[Your objective] Write all entries out exactly, images excluded.

[Records provided]
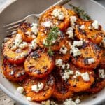 - Top: Evenly sprinkle crumbled feta cheese over the warm sweet potato rounds to add a salty, creamy element.
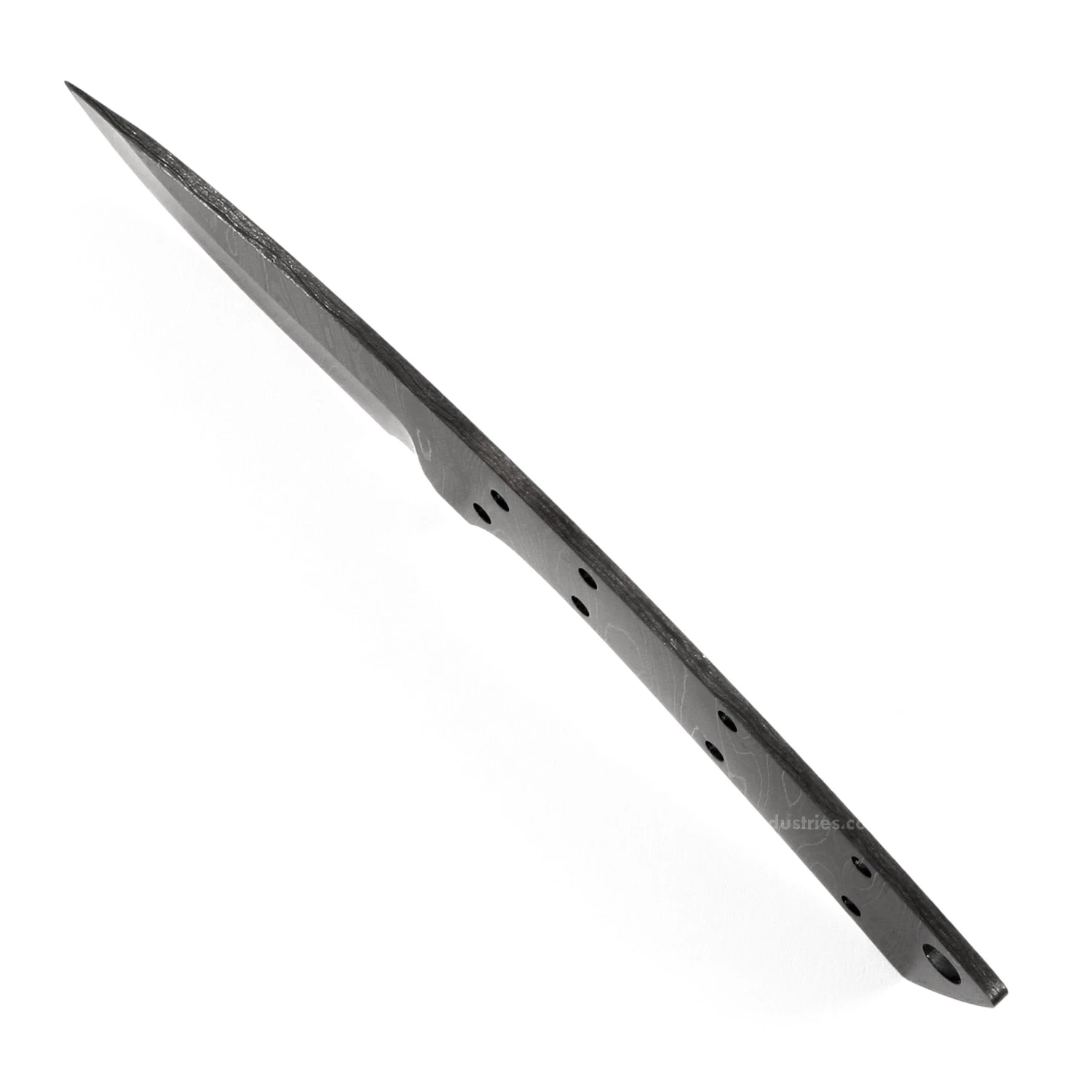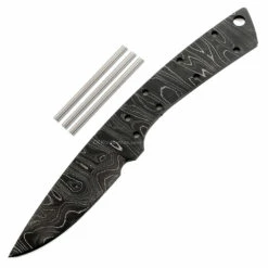 This damascus utility knife kit design is called the “Sports Boot” knife. It is a USA Made carbon steel damascus fixed blade knife blank that is hollow-ground and ready to build. This damascus knife design makes a great utility or concealed-carry knife. The Sports Boot’s design is excellent and has much DIY potential. With a blade length of 3.125 inches and an overall length of 7.50 inches, this design is a perfect EDC carry size. Ground on both sides, the Sports Boot blade is 1.00 inches wide. This damascus blade blank features (8) 0.125 inches (stainless steel pinstock included) and (1) 0.250 inch through-holes for handle construction. The tang holes can be modified with ease to work with larger pinstock, or with threaded fasteners.
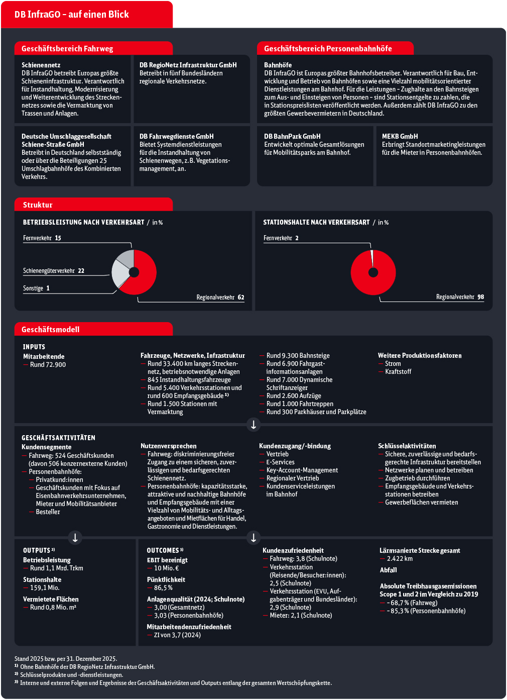 Dieser Unternehmenszweck wurde gemeinsam mit Vertreter:innen der Branche und der Politik erarbeitet. Das Leitbild drückt den Anspruch der Gesellschaft an DB InfraGO aus. Im Mittelpunkt stehen die fünf Dimensionen Leistungsstärke, Kundenorientierung, Gemeinwohlorientierung, Nachhaltigkeit und Teamgeist. Das Leitbild definiert außerdem ein gemeinsames Kundenverständnis für alle Bereiche von DB InfraGO und bildet damit die Grundlage für ein einheitlich ausgerichtetes Handeln im gesamten Geschäftsfeld. Die Nutzer des Bahnsystems – Reisende, Wirtschaft und Bahnhofsbesucher:innen – stehen im Fokus. Eine erfolgreiche Zugfahrt kann jedoch nur im Zusammenspiel mit den Geschäftspartnern gelingen: rund 400 Eisenbahnverkehrsunternehmen (EVU), 27 Aufgabenträger sowie rund 1.800 Infrastrukturanschließer und rund 2.100 Gewerbemieter in den Bahnhöfen. Ziel ist es, diese Partnerschaft durch gemeinsame Weiterentwicklung von Produkten und eine aktive Mitgestaltung der Zukunft des Systems Schiene zu stärken.
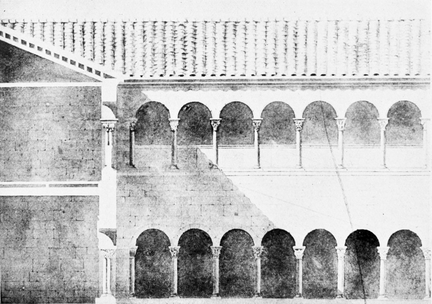 The modern church of San Marcelo, which{31} gives its name to the square, was founded by Ramiro I. in the ninth century, and was liberally endowed in after years by Alfonso VI. Marcelus is a reputed local martyr, a Roman legionary who refused to adore the divinity of Cæsar, and was beheaded, having blessed his executioners. By another account the martyrdom took place at Tangier, whence, at all events, the saint’s relics were brought here in 1493. The tympanum of a thirteenth-century doorway in the wall at the back of the church is all that remains of the original fabric. A deserted esplanade beyond the walls, to the south-west of the city, marks the site of the once famous shrine of San Claudio, erected first in Constantine’s day on the place of martyrdom of Claudius, Lupercius, and Victoricus. Al Mansûr is said to have been struck with sudden panic when about to attack this church. Successive fanes of great magnificence rose over the spot, the last being destroyed by fire in the sixteenth century.
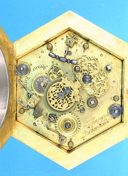 Der Antrieb des Gehwerks erfolg durch eine Feder über eine Kette und eine Schnecke als Kraftausgleich der unterschiedlichen Federkraft, wichtig für die Ganggenauigkeit der Spindelhemmung mit Messingunruhe unter einem reich gravierten Kloben.
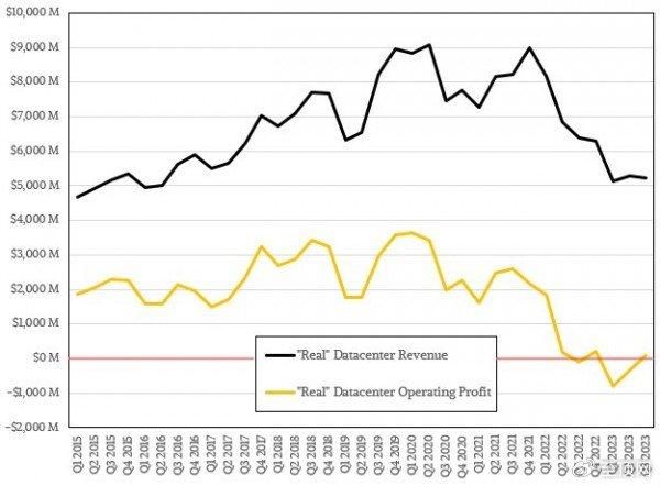 曾经见证过英特尔在2000和2010年代辉煌与荣光的朋友,肯定很难预料短短十年间其数据中心业务就会跌破图中的红线、陷入运营亏损。
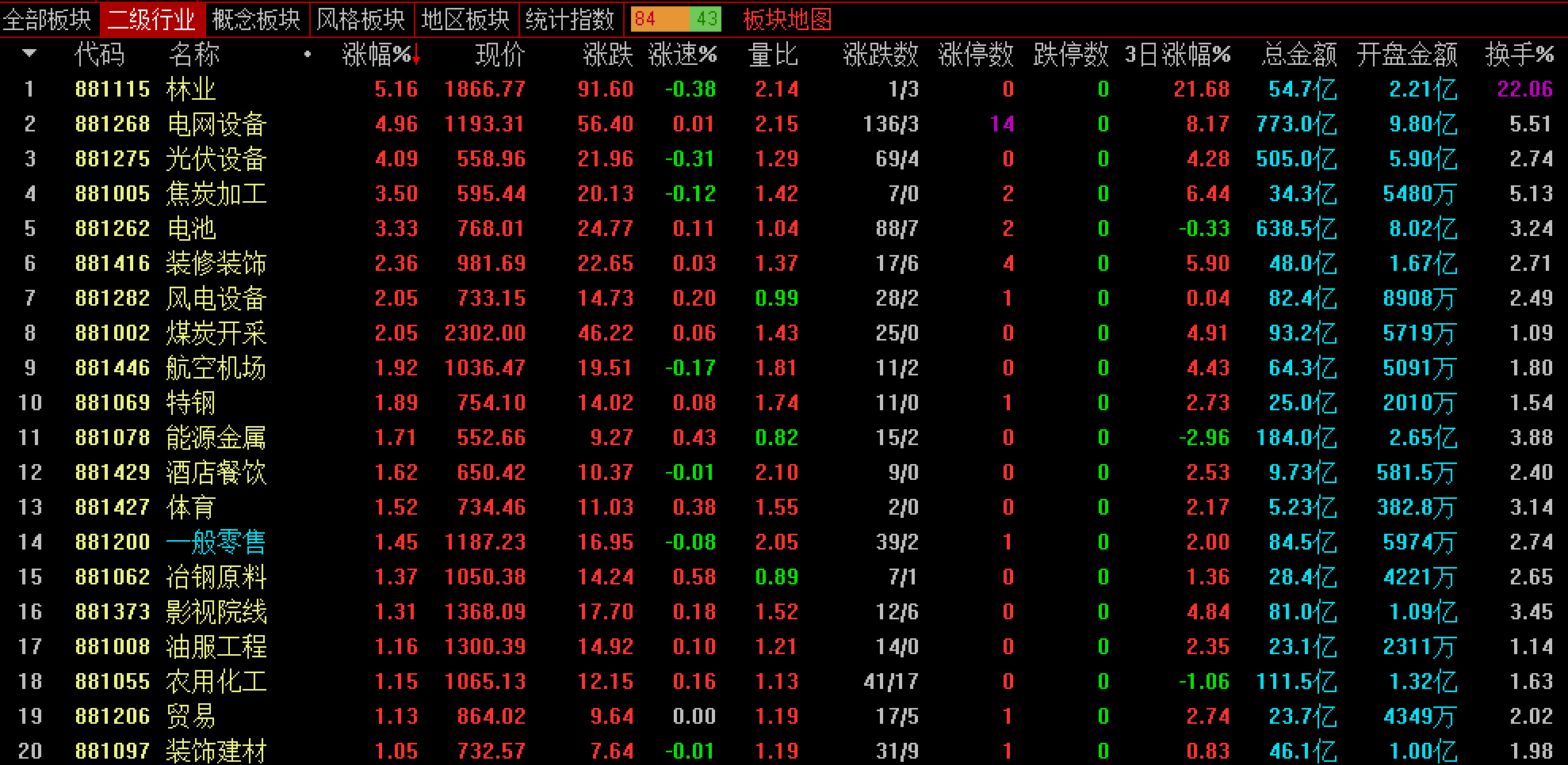 不过开盘后沪指走了个低开高走,20 日均线的支撑又起效了缩量逆转。只是市场还是缩量状态,这意味着接下来大概率还要继续震荡。现在我们看看板块趋势:
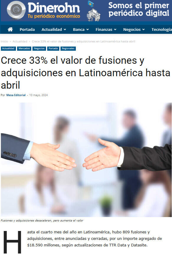 Crece 33% el valor de fusiones y adquisiciones en Latinoamérica hasta abril
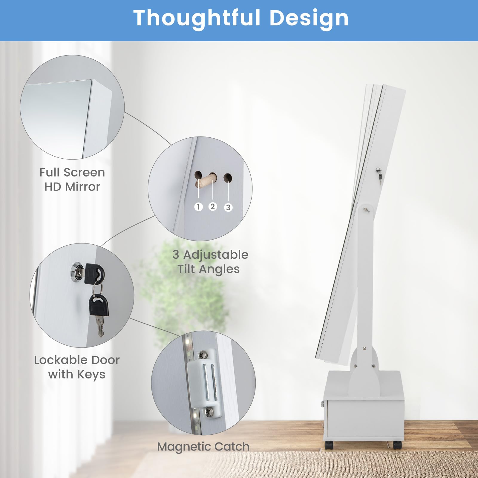 Standing jewelry armoire with full-length mirror led lights and drawers
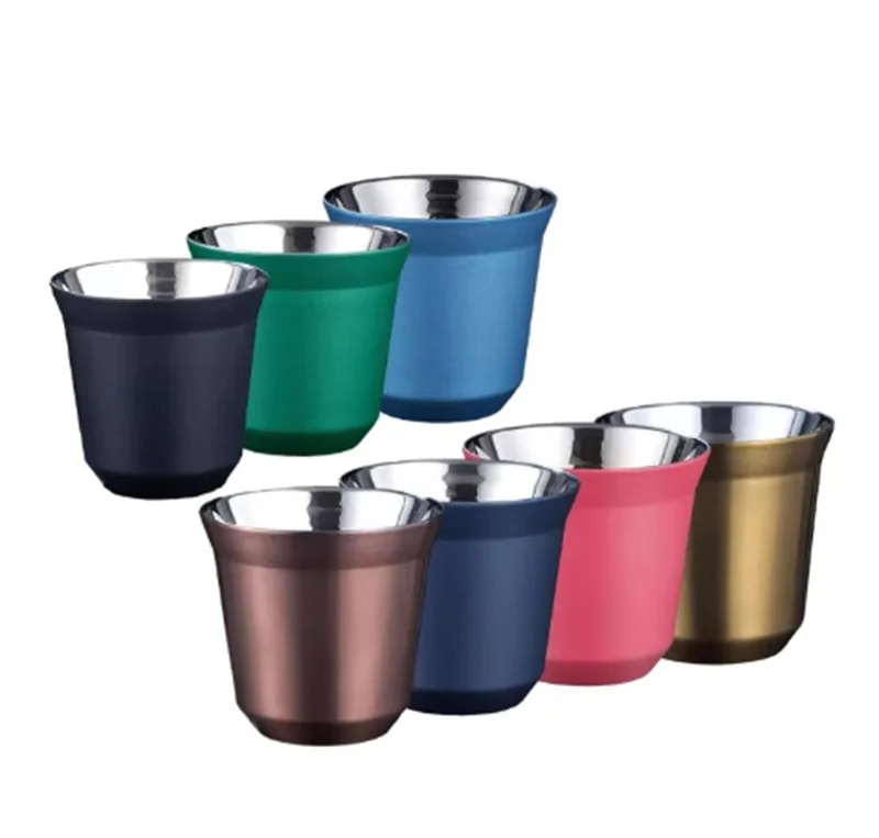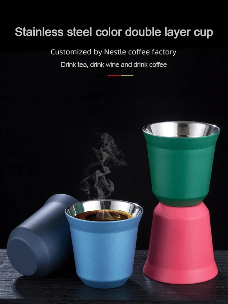 Tasses à expresso en acier inoxydable de 80ML, café, lait, eau, boisson, petit déjeuner, isolation 304, Double paroi, Texture lavable au lave-vaisselle

[Result]
 - Top: Evenly sprinkle crumbled feta cheese over the warm sweet potato rounds to add a salty, creamy element.
 This damascus utility knife kit design is called the “Sports Boot” knife. It is a USA Made carbon steel damascus fixed blade knife blank that is hollow-ground and ready to build. This damascus knife design makes a great utility or concealed-carry knife. The Sports Boot’s design is excellent and has much DIY potential. With a blade length of 3.125 inches and an overall length of 7.50 inches, this design is a perfect EDC carry size. Ground on both sides, the Sports Boot blade is 1.00 inches wide. This damascus blade blank features (8) 0.125 inches (stainless steel pinstock included) and (1) 0.250 inch through-holes for handle construction. The tang holes can be modified with ease to work with larger pinstock, or with threaded fasteners.
 Dieser Unternehmenszweck wurde gemeinsam mit Vertreter:innen der Branche und der Politik erarbeitet. Das Leitbild drückt den Anspruch der Gesellschaft an DB InfraGO aus. Im Mittelpunkt stehen die fünf Dimensionen Leistungsstärke, Kundenorientierung, Gemeinwohlorientierung, Nachhaltigkeit und Teamgeist. Das Leitbild definiert außerdem ein gemeinsames Kundenverständnis für alle Bereiche von DB InfraGO und bildet damit die Grundlage für ein einheitlich ausgerichtetes Handeln im gesamten Geschäftsfeld. Die Nutzer des Bahnsystems – Reisende, Wirtschaft und Bahnhofsbesucher:innen – stehen im Fokus. Eine erfolgreiche Zugfahrt kann jedoch nur im Zusammenspiel mit den Geschäftspartnern gelingen: rund 400 Eisenbahnverkehrsunternehmen (EVU), 27 Aufgabenträger sowie rund 1.800 Infrastrukturanschließer und rund 2.100 Gewerbemieter in den Bahnhöfen. Ziel ist es, diese Partnerschaft durch gemeinsame Weiterentwicklung von Produkten und eine aktive Mitgestaltung der Zukunft des Systems Schiene zu stärken.
 The modern church of San Marcelo, which{31} gives its name to the square, was founded by Ramiro I. in the ninth century, and was liberally endowed in after years by Alfonso VI. Marcelus is a reputed local martyr, a Roman legionary who refused to adore the divinity of Cæsar, and was beheaded, having blessed his executioners. By another account the martyrdom took place at Tangier, whence, at all events, the saint’s relics were brought here in 1493. The tympanum of a thirteenth-century doorway in the wall at the back of the church is all that remains of the original fabric. A deserted esplanade beyond the walls, to the south-west of the city, marks the site of the once famous shrine of San Claudio, erected first in Constantine’s day on the place of martyrdom of Claudius, Lupercius, and Victoricus. Al Mansûr is said to have been struck with sudden panic when about to attack this church. Successive fanes of great magnificence rose over the spot, the last being destroyed by fire in the sixteenth century.
 Der Antrieb des Gehwerks erfolg durch eine Feder über eine Kette und eine Schnecke als Kraftausgleich der unterschiedlichen Federkraft, wichtig für die Ganggenauigkeit der Spindelhemmung mit Messingunruhe unter einem reich gravierten Kloben.
 曾经见证过英特尔在2000和2010年代辉煌与荣光的朋友,肯定很难预料短短十年间其数据中心业务就会跌破图中的红线、陷入运营亏损。
 不过开盘后沪指走了个低开高走,20 日均线的支撑又起效了缩量逆转。只是市场还是缩量状态,这意味着接下来大概率还要继续震荡。现在我们看看板块趋势:
 Crece 33% el valor de fusiones y adquisiciones en Latinoamérica hasta abril
 Standing jewelry armoire with full-length mirror led lights and drawers
 Tasses à expresso en acier inoxydable de 80ML, café, lait, eau, boisson, petit déjeuner, isolation 304, Double paroi, Texture lavable au lave-vaisselle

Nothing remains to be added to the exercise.